INCREMENTAL PRECISION NETWORKS USING RESIDUAL INFERENCE AND FINE-GRAIN QUANTIZATION

Organization Name

Inventor(s)

INCREMENTAL PRECISION NETWORKS USING RESIDUAL INFERENCE AND FINE-GRAIN QUANTIZATION - A simplified explanation of the abstract

This abstract first appeared for US patent application 18532795 titled 'INCREMENTAL PRECISION NETWORKS USING RESIDUAL INFERENCE AND FINE-GRAIN QUANTIZATION

Simplified Explanation

The abstract describes a patent application for a technology that determines scale factors for neural network layers and converts tensor data to a different datatype for processing.

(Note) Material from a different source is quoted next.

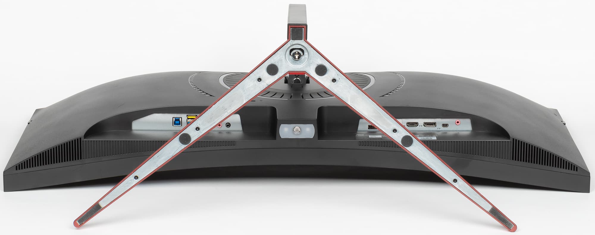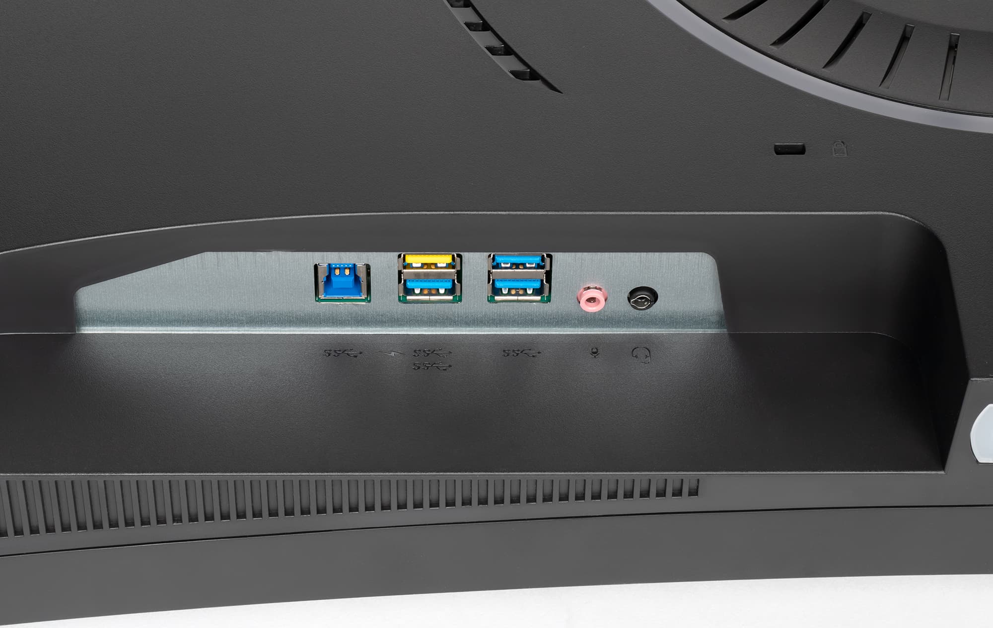 Видеовходов два — HDMI версии 2.0 и DisplayPort версии 1.4. Из них только DisplayPort поддерживает на вход сигнал с максимальными для этого монитора разрешением и частотой кадров, а также работу в режиме Nvidia G-Sync Ultimate. Входы выбираются в меню, кроме того, в случае отсутствия сигнала на текущем входе срабатывает автоматический выбор (его можно отключить) активного входа. Входы HDMI и DisplayPort способны принимать цифровые аудиосигналы (только PCM стерео), которые выводятся после преобразования в аналоговый вид на встроенные громкоговорители и через гнездо миниджек 3,5 мм. К этому гнезду можно подключить внешнюю активную акустическую систему или наушники.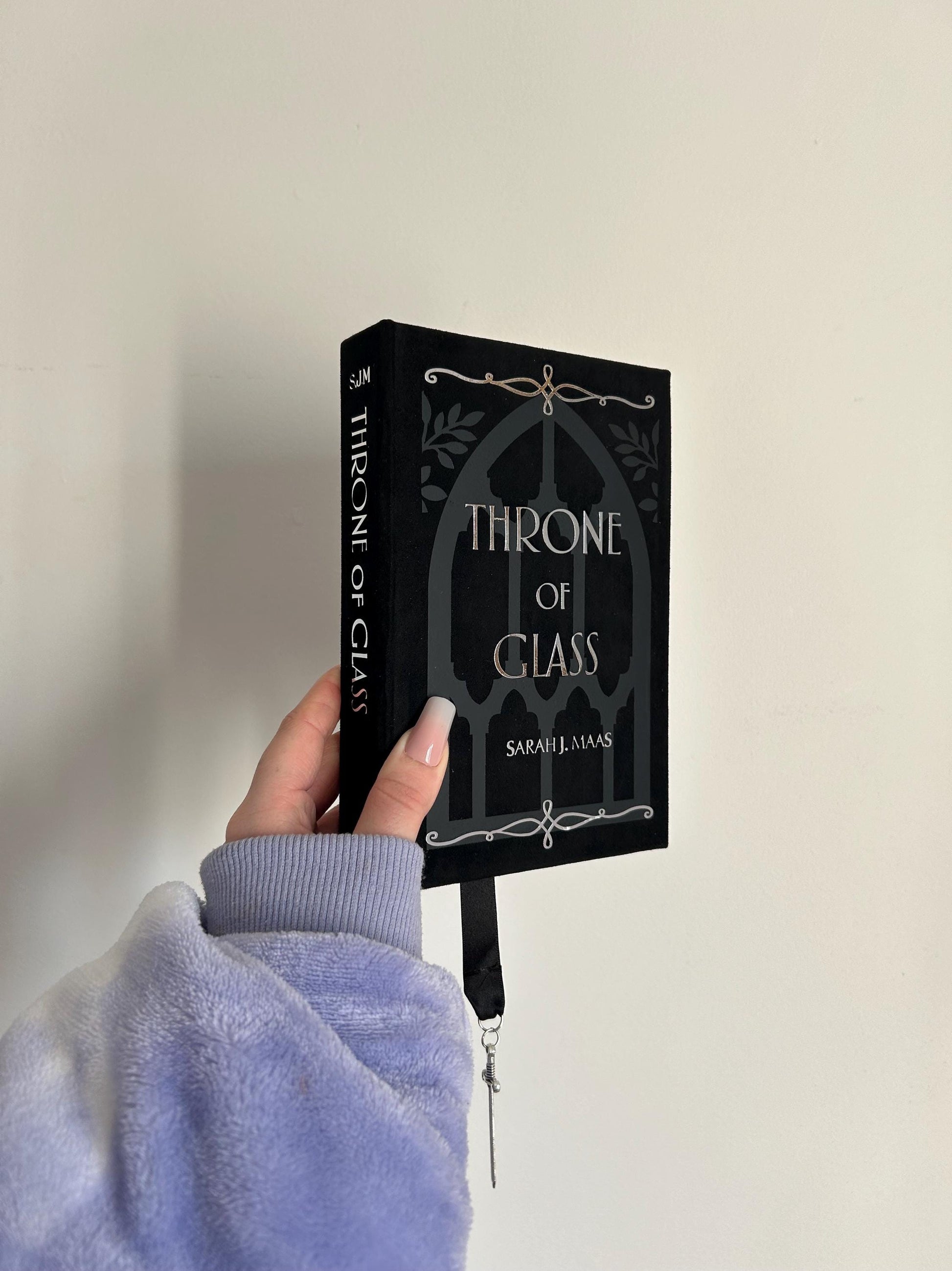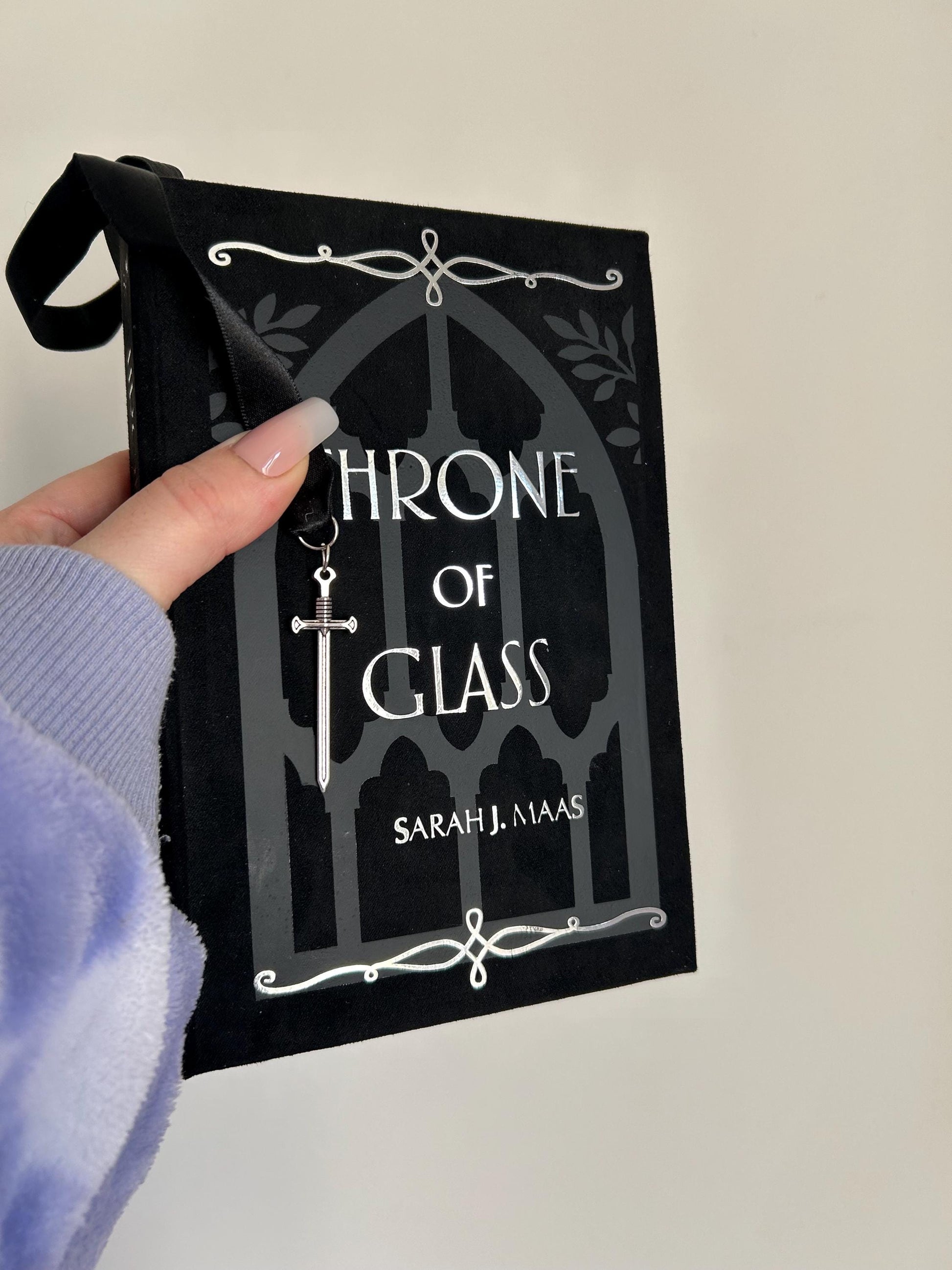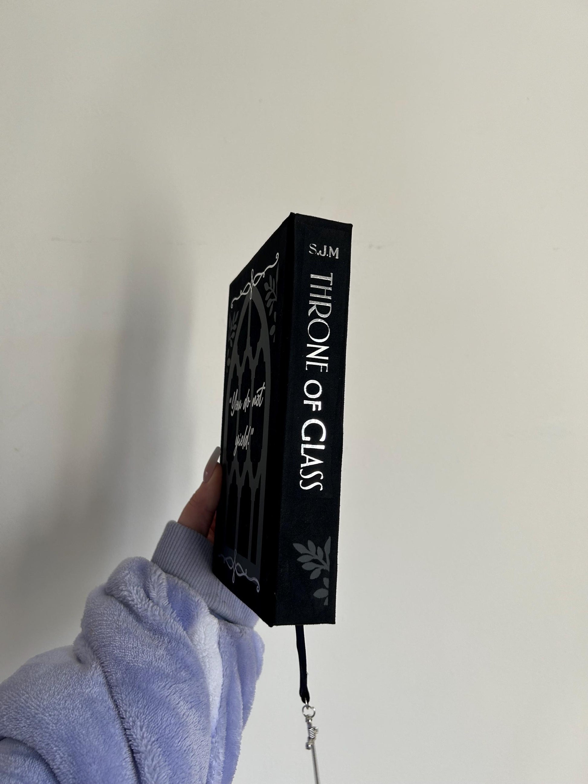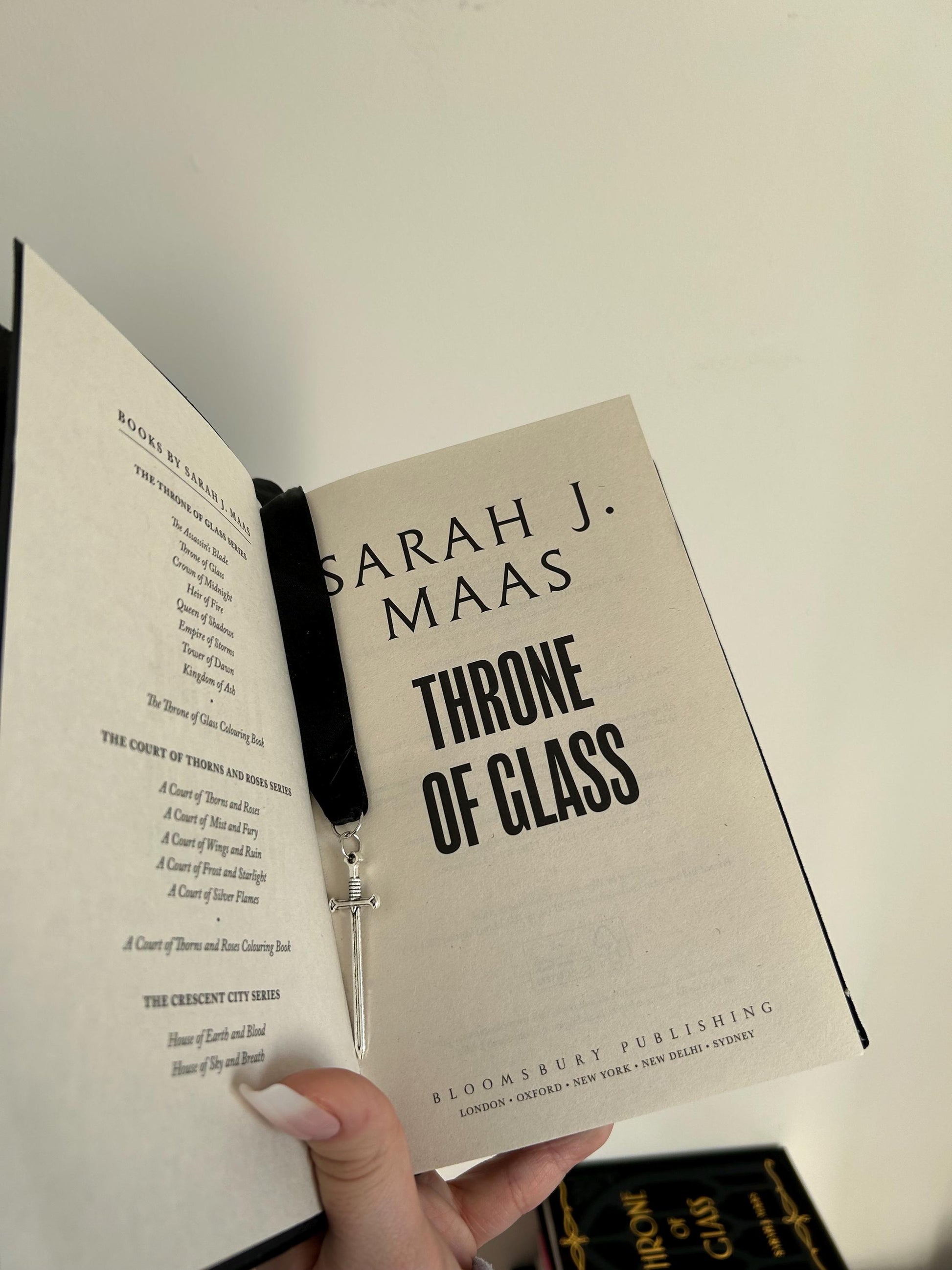 Gorgeous hand made rebound uk paperback edition of Throne of Glass with dagger bookmark.

The technology involves determining per-layer scale factors for tensor data in a neural network model.
It converts the tensor data from floating point to an 8-bit datatype.
The converted tensor data is used to generate an output tensor based on the scale factors.

Potential Applications

This technology could be applied in various fields such as image recognition, natural language processing, and autonomous driving systems.

Problems Solved

This technology addresses the challenge of optimizing neural network processing by efficiently converting tensor data to a more compact datatype.

Benefits

The benefits of this technology include improved computational efficiency, reduced memory usage, and potentially faster processing speeds for neural networks.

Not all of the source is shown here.